Court of Milan – IP Section, Judge S. Giani, Order of 2 August 2017, docket no. 27991/17).

In a recent preliminary order, the IP Section of the Milan Court restated some basic principles in terms of requirements for the granting of urgent probative searches in IP litigations under Italian law (a topic we already discussed in a previous article ).

One of the urgent remedies available under the Italian IP code is the so-called descrizione (literally, “description”), corresponding to the French saisie-contrefaçon, a typical measure for the preserving of evidence concerning an infringement and its extent.

If granted, it is carried out with the aid of a court bailiff by entering the alleged infringer’s premises – or even a third party’s premises – and collecting evidence by any appropriate means: expert witness’ and bailiff’s reports, photographs, making digital or hard copies and collecting samples. The measure in special circumstances may be granted ex parte, giving the applicant the advantage of surprise.

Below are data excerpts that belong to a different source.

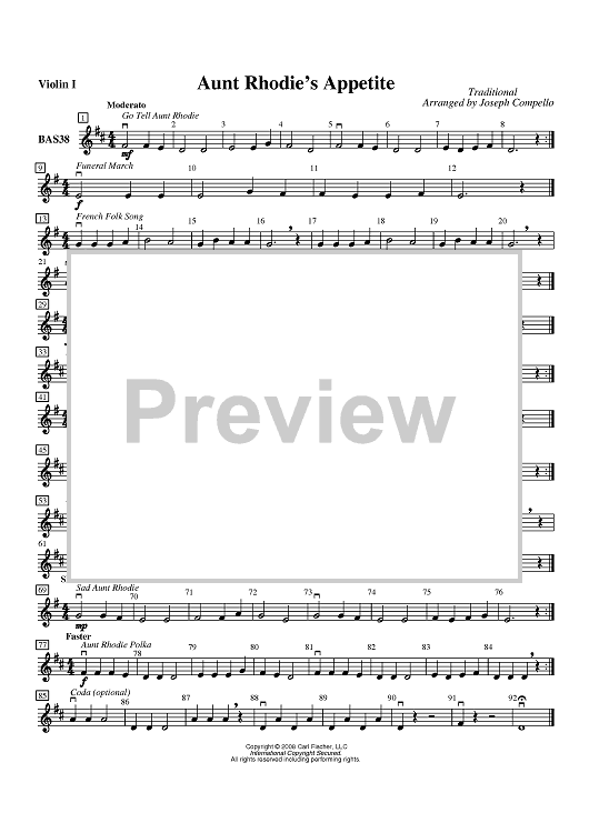 Digital Sheet Music for Aunt Rhodie's Appetite - Violin 1 by Traditional, Joseph Compello scored for Orchestra; id:406699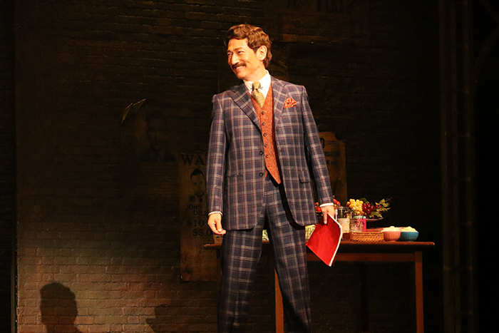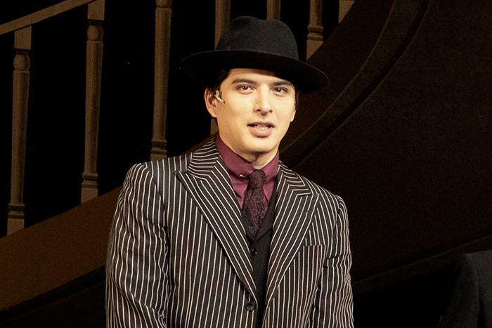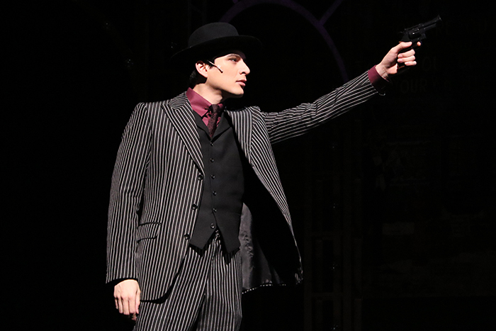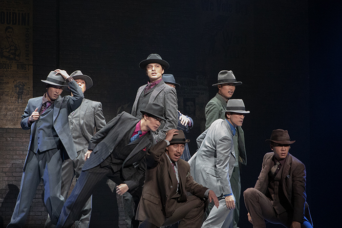 そんな中、とうとうデビッドの戯曲がブロードウェイで上演できることになる。しかし、プロデューサーが見つけてきた出資者はギャングの親玉ニック(橋本さとし)。キンキン声でろくにセリフも言えない愛人のオリーブ(平野綾)を主演にするよう要求し、部下のチーチ(城田優)にオリーブの護衛と監視を任せる。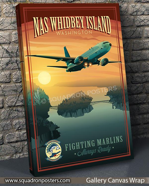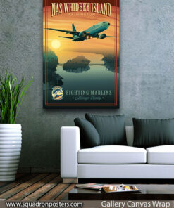 This NAS Whidbey Island VP-40 P-8 vintage style poster art featuring Patrol Squadron 40 (VP-40), also known as the “Fighting Marlins”, is a maritime patrol squadron of the United States Navy based at Naval Air Station Whidbey Island, Washington. VP-40 flies the P-8A Poseidon multi-mission maritime aircraft squadron which conducts anti-submarine and anti-surface warfare, intelligence, surveillance, reconnaissance, and humanitarian response.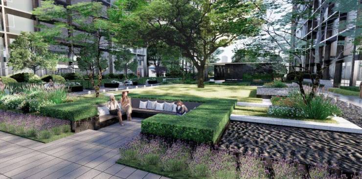 庭院里有亭亭如盖的大树,草坪里有下沉式的阳光卡座,大玻璃立面围合的会客厅,隐身在绿意葱茏的丛林中,像极了东京大手町的安缦酒店。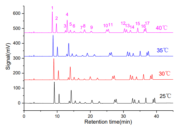 Figure 1-1. Overlay chromatograms of 16 PAHs at different temperatures (25, 30, 35, 40°C)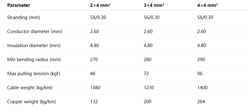 Electrical efficiency: Low DC resistance ensures minimal voltage drop over long trailing lengths.
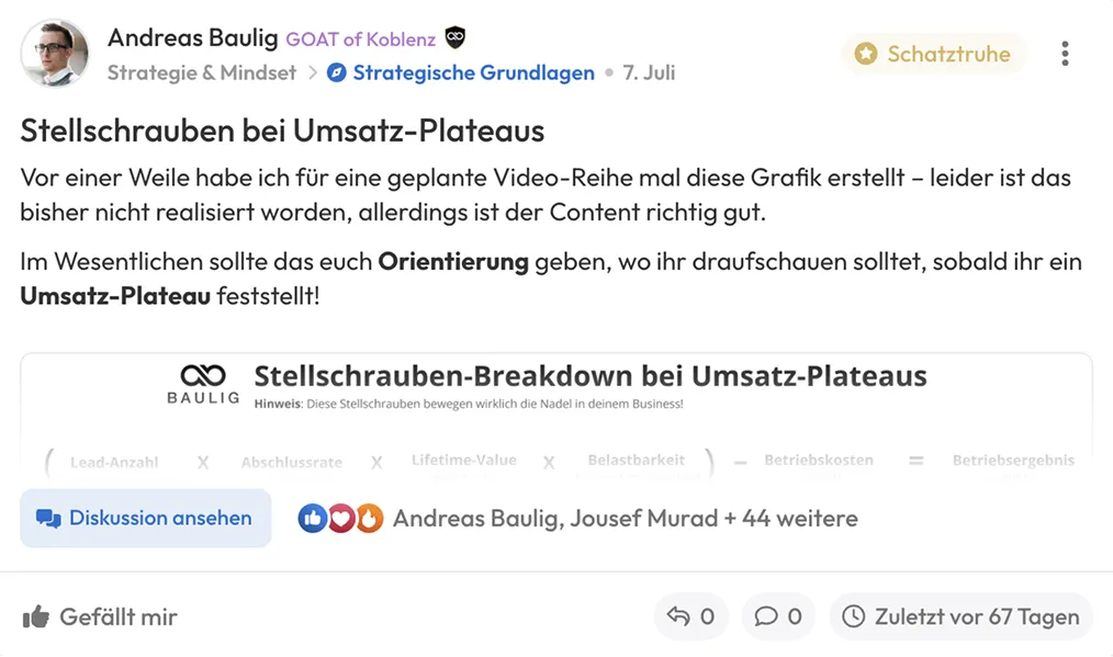 Zusätzlich zum Austausch innerhalb der Community erhältst du direkten Zugang zu Expertenwissen: exklusive Beiträge, Klartext‑Feedback und Interaktionen mit Andreas, Markus, Arben und weiteren Beratern aus unserem Team.

In the case lodged with the Milan Court, an Italian company, owning a national patent concerning a method for the manufacturing of PVC window frames, assumed that a Polish competitor was advertising and selling on the Italian territory, through a network of distributors, products infringing on the patent. It therefore applied for the urgent granting of a preliminary description of the competitor’s products, as well as the means of their production and the relevant documentation, to be carried out at the defendant’s Polish headquarters, on the grounds that the evidence was necessary to support proceedings on the merits, was not attainable otherwise and was in danger of being compromised.

The defendant replied that the allegedly infringing products were freely available on the Italian market, hence the applicant could have obtained a sample with ease. It further remarked that the European patent application for the same invention had been granted only by virtue of a substantial limitation of the original claims, following the examiner’s adverse findings on novelty, inventive step and sufficient disclosure, whereas the national patent in suit had been granted without any preliminary research of prior art.[1]

The Court rejected the application. In giving reasons for the refusal, the proceeding Judge made a number of preliminary remarks. She preliminarily stated that, although the requirement of prima facie case takes a special meaning in connection with descriptions (as it relates to the actual need of the evidence sought, rather than to the likelihood of success in the merits proceedings), this does not exempt the Judge from a summary assessment of the merits of the case. The difference is that, in the case of the description, this assessment is less rigorous than for precautionary measures directed at the immediate enforcement of IP rights, in the sense that it can lead to a dismissal only if there are reasons to positively consider the applicant’s success on the merits unlikely.

The Judge also considered that the Enforcement Directive (2004/48/ EC) has laid down a general obligation for remedies aimed at enforcing intellectual property rights to be “fair and equitable”, “not unnecessarily complicated or costly”, “proportionate” and applied “in such a manner as to avoid the creation of barriers to legitimate trade and to provide for safeguards against their abuse” (Article 3).

In light of these premises, the Judge found that in the case before her there were “substantial” doubts about the very validity of the patent in suit. Specifically: (i) the fact that the patent had been granted by the Italian Patents and Trademarks Office without any prior art search led to to a “lessened” presumption of validity; (ii) as the defendant had pointed out, the European patent application, which initially had the same scope as the Italian patent, had been granted only following a major amendment of the claims, which would make it prima facie likely for the national patent to be at least partially invalid.

In addition, it was not disputed that the allegedly infringing products were freely available on the Italian market, and thus a sample could have been obtained with substantially lesser costs than those likely to be required in order to carry out the description abroad; it followed that the measure sought not only did not appear “necessary” for the preservation of evidence, but it appeared neither fair nor proportionate, as well as “unnecessarily complicated and costly”.

In refusing the application, the Judge ordered the applicant to pay court and legal fees.

 

Note for the reader: the author is not aware of any appeals against the order discussed here.

[1] Italian patent applications undergo a prior art search only as of  July 2008.